**WHAT THE TASK REQUIRES**. Transcribe word for word the lines below from the line with "商品内訳を設定すると、案件登" through the line with "1.毛森江狂熱迷戀日本知名的", ends included.

··· RECORD EXTRACTS ···

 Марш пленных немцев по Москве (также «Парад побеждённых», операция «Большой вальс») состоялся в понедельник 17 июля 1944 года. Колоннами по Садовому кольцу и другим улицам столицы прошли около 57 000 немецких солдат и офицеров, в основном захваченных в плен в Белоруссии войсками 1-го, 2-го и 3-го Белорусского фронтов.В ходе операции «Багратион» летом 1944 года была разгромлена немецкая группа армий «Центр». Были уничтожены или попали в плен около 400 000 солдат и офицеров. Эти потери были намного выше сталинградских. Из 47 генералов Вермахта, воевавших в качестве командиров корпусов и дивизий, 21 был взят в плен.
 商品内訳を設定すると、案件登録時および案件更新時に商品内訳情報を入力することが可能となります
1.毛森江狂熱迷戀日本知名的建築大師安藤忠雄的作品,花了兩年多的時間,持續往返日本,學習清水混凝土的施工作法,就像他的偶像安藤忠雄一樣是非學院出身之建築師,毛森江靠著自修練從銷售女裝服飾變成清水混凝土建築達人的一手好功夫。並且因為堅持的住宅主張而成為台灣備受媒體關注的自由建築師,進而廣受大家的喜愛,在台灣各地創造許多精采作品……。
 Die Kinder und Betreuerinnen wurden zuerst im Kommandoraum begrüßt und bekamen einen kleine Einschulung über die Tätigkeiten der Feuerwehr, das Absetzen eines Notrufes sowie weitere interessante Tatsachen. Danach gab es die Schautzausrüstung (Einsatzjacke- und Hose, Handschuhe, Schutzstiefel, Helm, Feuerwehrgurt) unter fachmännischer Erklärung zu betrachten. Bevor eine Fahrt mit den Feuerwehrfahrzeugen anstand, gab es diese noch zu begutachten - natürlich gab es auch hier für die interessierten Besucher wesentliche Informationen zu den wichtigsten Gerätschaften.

···
··· RECORD EXTRACTS ···

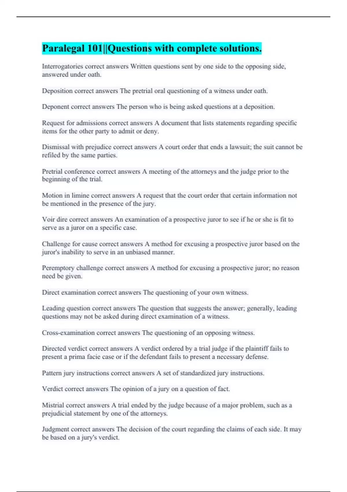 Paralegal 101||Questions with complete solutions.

···

**SOLUTION FOR THIS TASK**.
 商品内訳を設定すると、案件登録時および案件更新時に商品内訳情報を入力することが可能となります
1.毛森江狂熱迷戀日本知名的建築大師安藤忠雄的作品,花了兩年多的時間,持續往返日本,學習清水混凝土的施工作法,就像他的偶像安藤忠雄一樣是非學院出身之建築師,毛森江靠著自修練從銷售女裝服飾變成清水混凝土建築達人的一手好功夫。並且因為堅持的住宅主張而成為台灣備受媒體關注的自由建築師,進而廣受大家的喜愛,在台灣各地創造許多精采作品……。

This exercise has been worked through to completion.